Where the records below show a line containing "Dolce & Gabbana", start copying; end with the line containing "Para cadastrar uma", and copy it too.
[THE RECORDS]
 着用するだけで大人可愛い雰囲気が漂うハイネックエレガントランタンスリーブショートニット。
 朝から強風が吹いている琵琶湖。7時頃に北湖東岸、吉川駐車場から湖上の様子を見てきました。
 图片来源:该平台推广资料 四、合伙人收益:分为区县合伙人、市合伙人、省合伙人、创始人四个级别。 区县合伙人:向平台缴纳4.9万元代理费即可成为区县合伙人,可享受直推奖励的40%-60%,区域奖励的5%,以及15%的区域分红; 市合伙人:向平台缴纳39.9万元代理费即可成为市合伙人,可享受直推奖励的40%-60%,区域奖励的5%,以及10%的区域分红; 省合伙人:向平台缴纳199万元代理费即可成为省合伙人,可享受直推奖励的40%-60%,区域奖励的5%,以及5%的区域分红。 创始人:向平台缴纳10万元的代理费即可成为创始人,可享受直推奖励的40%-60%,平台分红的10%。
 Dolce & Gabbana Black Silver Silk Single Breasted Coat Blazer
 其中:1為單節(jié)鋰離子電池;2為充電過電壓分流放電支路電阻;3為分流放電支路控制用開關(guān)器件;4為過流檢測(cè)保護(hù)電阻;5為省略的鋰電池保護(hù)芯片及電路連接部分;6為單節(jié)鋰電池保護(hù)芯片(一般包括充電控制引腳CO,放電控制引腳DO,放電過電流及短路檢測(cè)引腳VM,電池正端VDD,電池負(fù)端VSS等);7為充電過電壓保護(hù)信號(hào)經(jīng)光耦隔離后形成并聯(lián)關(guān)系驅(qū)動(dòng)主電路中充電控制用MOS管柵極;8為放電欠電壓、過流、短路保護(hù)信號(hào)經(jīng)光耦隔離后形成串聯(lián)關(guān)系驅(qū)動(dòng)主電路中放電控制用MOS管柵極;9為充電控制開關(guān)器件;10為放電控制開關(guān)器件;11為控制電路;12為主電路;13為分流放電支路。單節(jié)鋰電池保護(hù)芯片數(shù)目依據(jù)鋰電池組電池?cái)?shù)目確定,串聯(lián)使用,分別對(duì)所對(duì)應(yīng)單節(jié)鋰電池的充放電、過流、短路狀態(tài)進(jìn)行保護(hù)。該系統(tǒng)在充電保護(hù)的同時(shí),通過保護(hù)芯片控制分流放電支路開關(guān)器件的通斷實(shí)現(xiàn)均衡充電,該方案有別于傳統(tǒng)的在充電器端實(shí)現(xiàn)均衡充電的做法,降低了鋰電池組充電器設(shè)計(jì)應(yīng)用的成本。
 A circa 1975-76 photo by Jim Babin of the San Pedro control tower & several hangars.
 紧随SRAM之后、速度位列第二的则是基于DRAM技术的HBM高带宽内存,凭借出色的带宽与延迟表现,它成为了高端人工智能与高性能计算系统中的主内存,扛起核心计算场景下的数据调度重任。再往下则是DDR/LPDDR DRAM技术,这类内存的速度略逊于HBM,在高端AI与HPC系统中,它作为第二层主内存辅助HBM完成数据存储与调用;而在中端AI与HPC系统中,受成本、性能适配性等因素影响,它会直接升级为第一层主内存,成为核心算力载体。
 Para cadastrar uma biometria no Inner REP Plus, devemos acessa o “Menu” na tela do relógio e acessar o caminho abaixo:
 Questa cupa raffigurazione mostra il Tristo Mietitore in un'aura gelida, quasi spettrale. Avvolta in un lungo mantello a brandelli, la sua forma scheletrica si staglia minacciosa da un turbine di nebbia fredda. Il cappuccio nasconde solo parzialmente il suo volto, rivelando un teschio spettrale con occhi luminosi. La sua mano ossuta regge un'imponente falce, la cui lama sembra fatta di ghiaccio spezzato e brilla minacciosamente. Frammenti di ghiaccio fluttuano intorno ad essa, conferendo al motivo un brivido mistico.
[/THE RECORDS]
__ANSWER BELOW__.
 Dolce & Gabbana Black Silver Silk Single Breasted Coat Blazer
 其中:1為單節(jié)鋰離子電池;2為充電過電壓分流放電支路電阻;3為分流放電支路控制用開關(guān)器件;4為過流檢測(cè)保護(hù)電阻;5為省略的鋰電池保護(hù)芯片及電路連接部分;6為單節(jié)鋰電池保護(hù)芯片(一般包括充電控制引腳CO,放電控制引腳DO,放電過電流及短路檢測(cè)引腳VM,電池正端VDD,電池負(fù)端VSS等);7為充電過電壓保護(hù)信號(hào)經(jīng)光耦隔離后形成并聯(lián)關(guān)系驅(qū)動(dòng)主電路中充電控制用MOS管柵極;8為放電欠電壓、過流、短路保護(hù)信號(hào)經(jīng)光耦隔離后形成串聯(lián)關(guān)系驅(qū)動(dòng)主電路中放電控制用MOS管柵極;9為充電控制開關(guān)器件;10為放電控制開關(guān)器件;11為控制電路;12為主電路;13為分流放電支路。單節(jié)鋰電池保護(hù)芯片數(shù)目依據(jù)鋰電池組電池?cái)?shù)目確定,串聯(lián)使用,分別對(duì)所對(duì)應(yīng)單節(jié)鋰電池的充放電、過流、短路狀態(tài)進(jìn)行保護(hù)。該系統(tǒng)在充電保護(hù)的同時(shí),通過保護(hù)芯片控制分流放電支路開關(guān)器件的通斷實(shí)現(xiàn)均衡充電,該方案有別于傳統(tǒng)的在充電器端實(shí)現(xiàn)均衡充電的做法,降低了鋰電池組充電器設(shè)計(jì)應(yīng)用的成本。
 A circa 1975-76 photo by Jim Babin of the San Pedro control tower & several hangars.
 紧随SRAM之后、速度位列第二的则是基于DRAM技术的HBM高带宽内存,凭借出色的带宽与延迟表现,它成为了高端人工智能与高性能计算系统中的主内存,扛起核心计算场景下的数据调度重任。再往下则是DDR/LPDDR DRAM技术,这类内存的速度略逊于HBM,在高端AI与HPC系统中,它作为第二层主内存辅助HBM完成数据存储与调用;而在中端AI与HPC系统中,受成本、性能适配性等因素影响,它会直接升级为第一层主内存,成为核心算力载体。
 Para cadastrar uma biometria no Inner REP Plus, devemos acessa o “Menu” na tela do relógio e acessar o caminho abaixo:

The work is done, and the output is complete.